DATA RECORDS section start

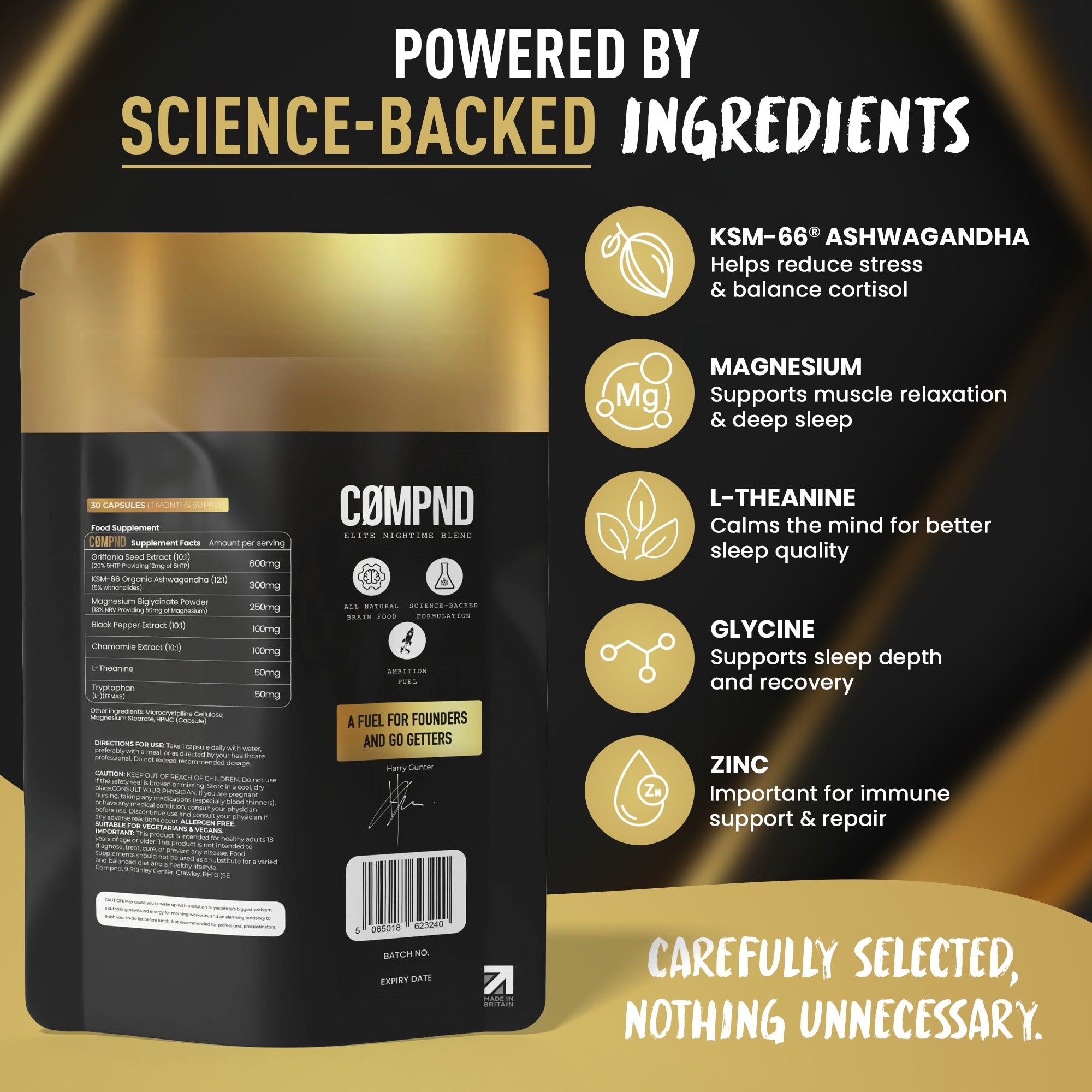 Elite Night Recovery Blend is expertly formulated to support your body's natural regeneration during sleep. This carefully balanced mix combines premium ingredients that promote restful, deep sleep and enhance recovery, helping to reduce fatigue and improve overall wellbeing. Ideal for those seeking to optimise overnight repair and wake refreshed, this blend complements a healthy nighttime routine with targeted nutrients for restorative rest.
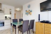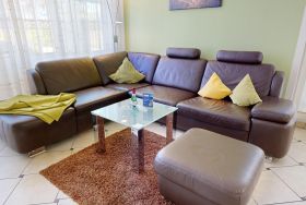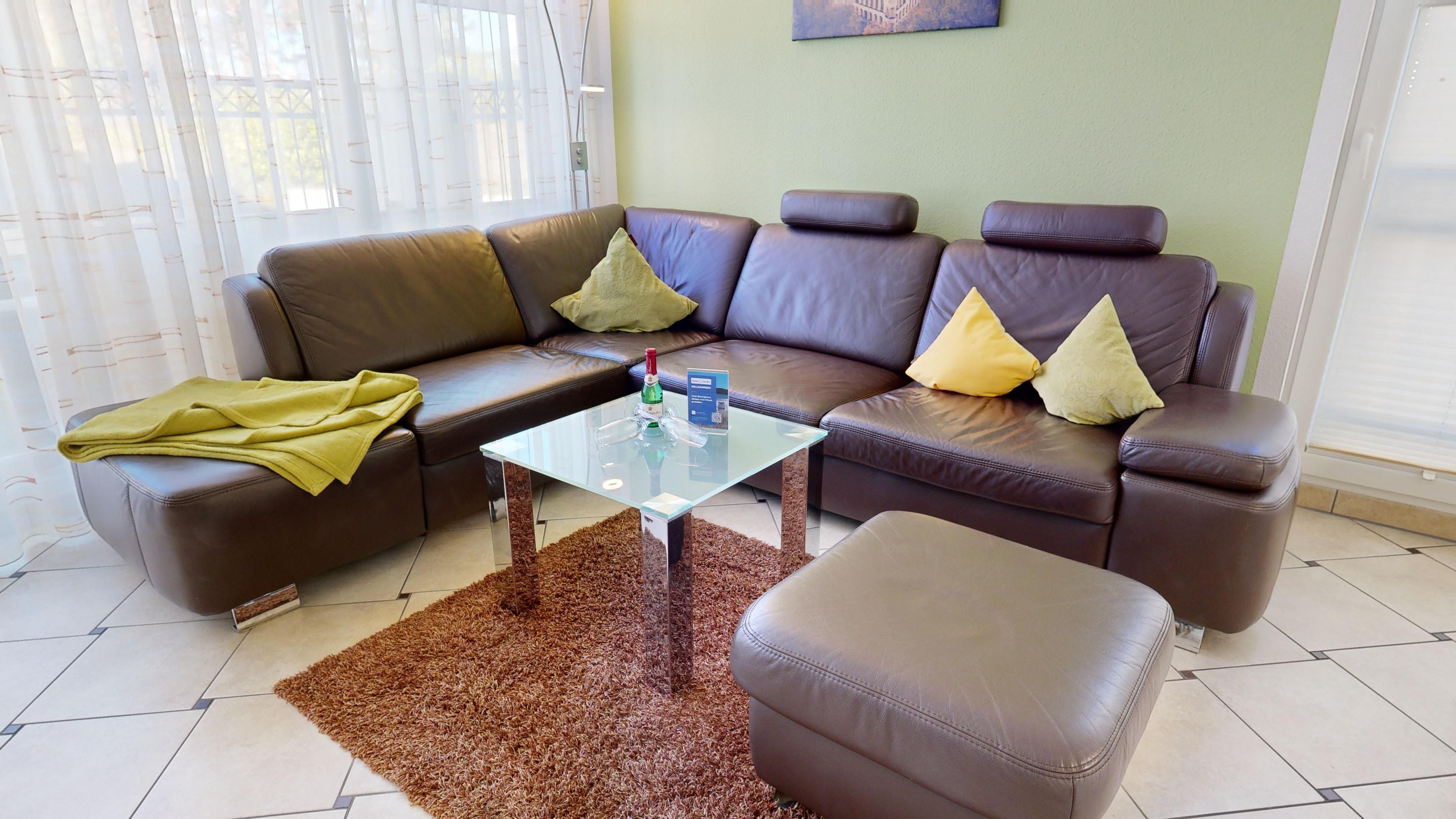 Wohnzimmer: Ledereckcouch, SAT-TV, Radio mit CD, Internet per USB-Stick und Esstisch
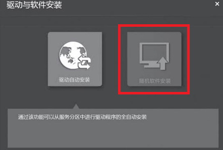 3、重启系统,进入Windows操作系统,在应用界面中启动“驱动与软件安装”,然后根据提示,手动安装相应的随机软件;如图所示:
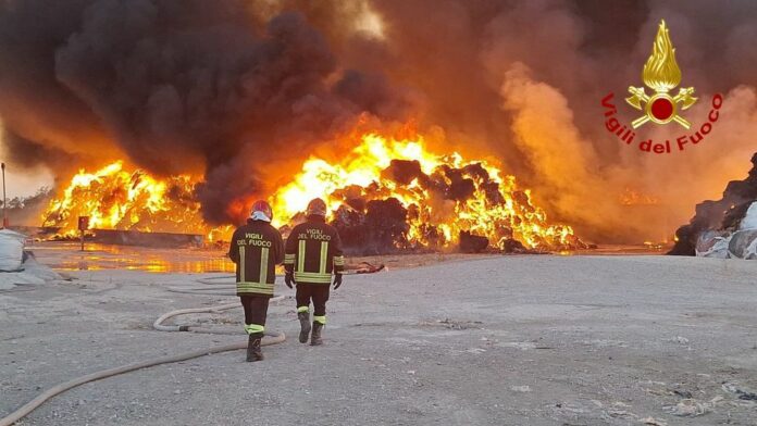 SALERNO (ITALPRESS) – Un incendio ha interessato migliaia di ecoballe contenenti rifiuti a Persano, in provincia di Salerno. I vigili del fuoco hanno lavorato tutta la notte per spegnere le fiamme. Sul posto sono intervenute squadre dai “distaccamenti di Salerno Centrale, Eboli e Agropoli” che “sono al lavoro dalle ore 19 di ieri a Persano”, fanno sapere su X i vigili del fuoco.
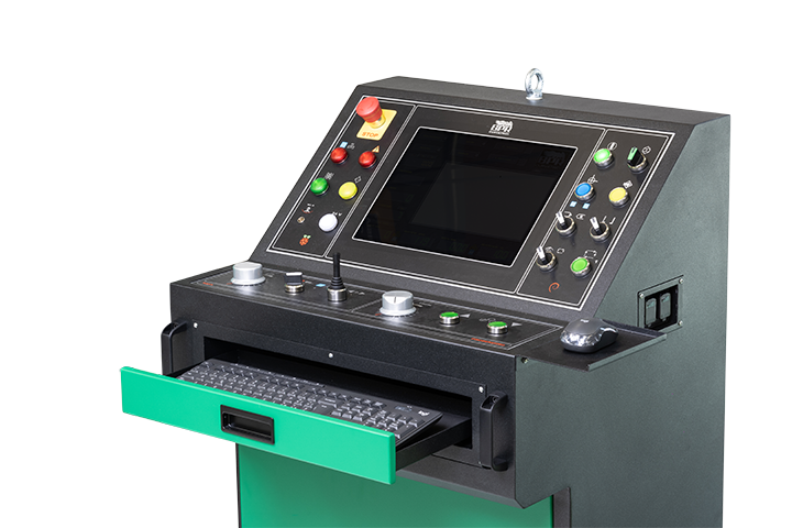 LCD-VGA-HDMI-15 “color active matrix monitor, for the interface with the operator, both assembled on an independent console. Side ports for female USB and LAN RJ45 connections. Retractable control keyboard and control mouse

DATA RECORDS section end
DATA RECORDS section start

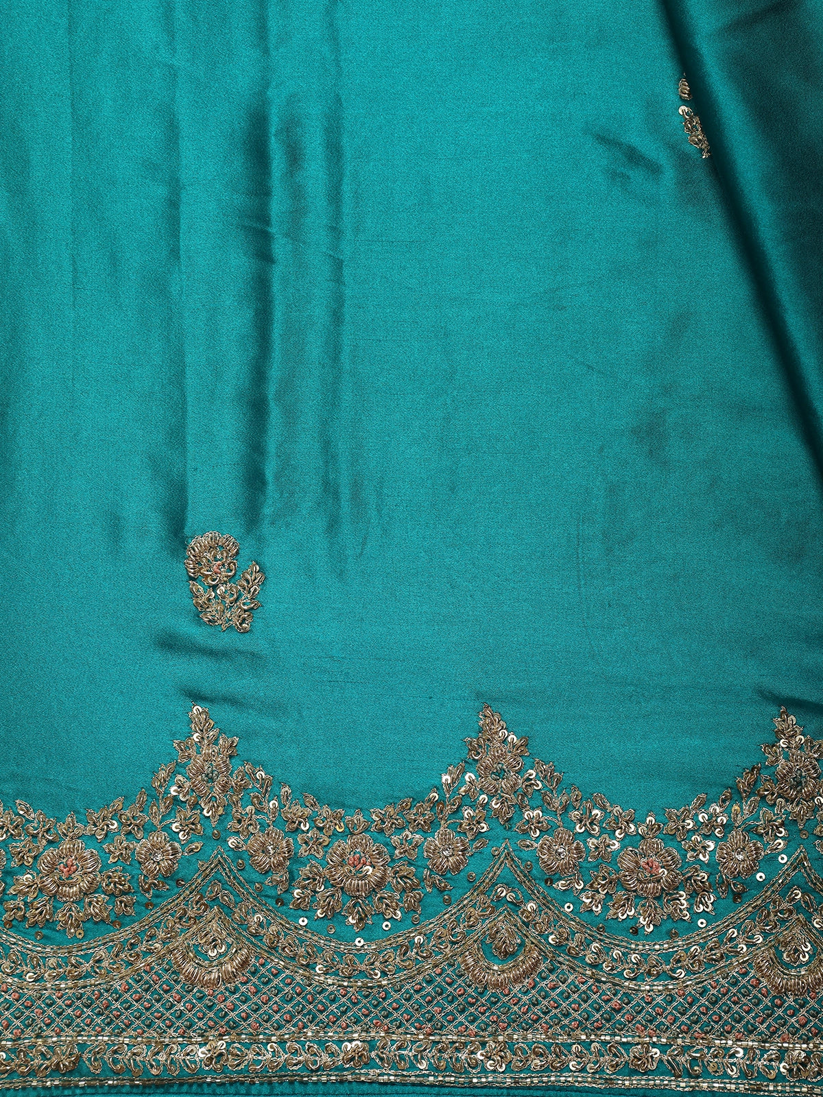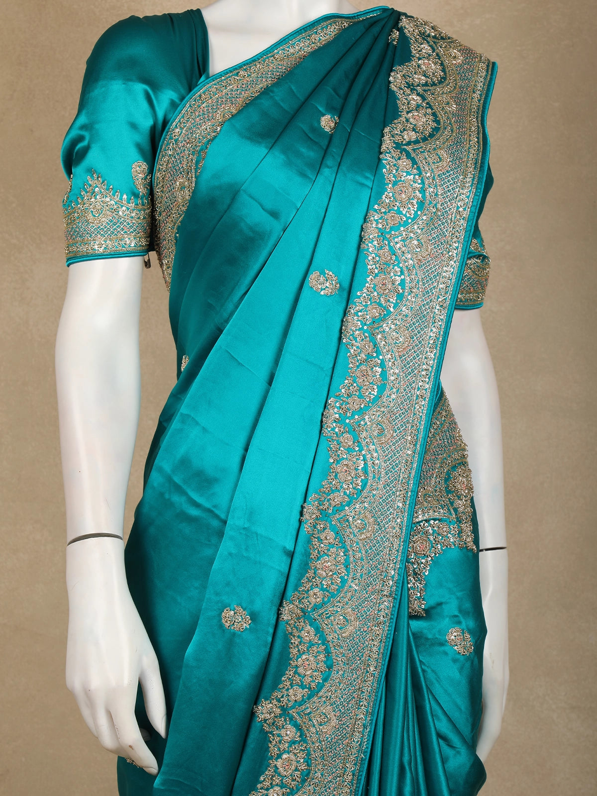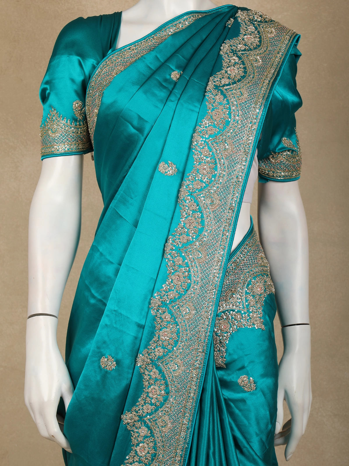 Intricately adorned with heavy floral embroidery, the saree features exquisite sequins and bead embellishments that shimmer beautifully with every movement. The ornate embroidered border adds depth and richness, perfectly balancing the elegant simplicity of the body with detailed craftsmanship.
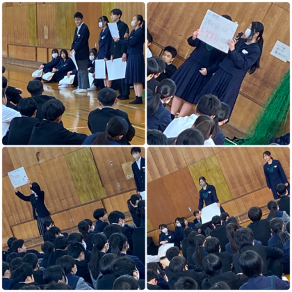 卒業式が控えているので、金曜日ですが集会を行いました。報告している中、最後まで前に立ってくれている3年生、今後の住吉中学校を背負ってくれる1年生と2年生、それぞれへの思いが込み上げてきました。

DATA RECORDS section end

» **PROBLEM DESCRIPTION**:
Above are some entries. Restate word for word the lines from the one holding "Elite Night Recovery" through the one holding "and control mouse", but not the pictures.

» **OUTPUT BELOW**:
 Elite Night Recovery Blend is expertly formulated to support your body's natural regeneration during sleep. This carefully balanced mix combines premium ingredients that promote restful, deep sleep and enhance recovery, helping to reduce fatigue and improve overall wellbeing. Ideal for those seeking to optimise overnight repair and wake refreshed, this blend complements a healthy nighttime routine with targeted nutrients for restorative rest.
 Wohnzimmer: Ledereckcouch, SAT-TV, Radio mit CD, Internet per USB-Stick und Esstisch
 3、重启系统,进入Windows操作系统,在应用界面中启动“驱动与软件安装”,然后根据提示,手动安装相应的随机软件;如图所示:
 SALERNO (ITALPRESS) – Un incendio ha interessato migliaia di ecoballe contenenti rifiuti a Persano, in provincia di Salerno. I vigili del fuoco hanno lavorato tutta la notte per spegnere le fiamme. Sul posto sono intervenute squadre dai “distaccamenti di Salerno Centrale, Eboli e Agropoli” che “sono al lavoro dalle ore 19 di ieri a Persano”, fanno sapere su X i vigili del fuoco.
 LCD-VGA-HDMI-15 “color active matrix monitor, for the interface with the operator, both assembled on an independent console. Side ports for female USB and LAN RJ45 connections. Retractable control keyboard and control mouse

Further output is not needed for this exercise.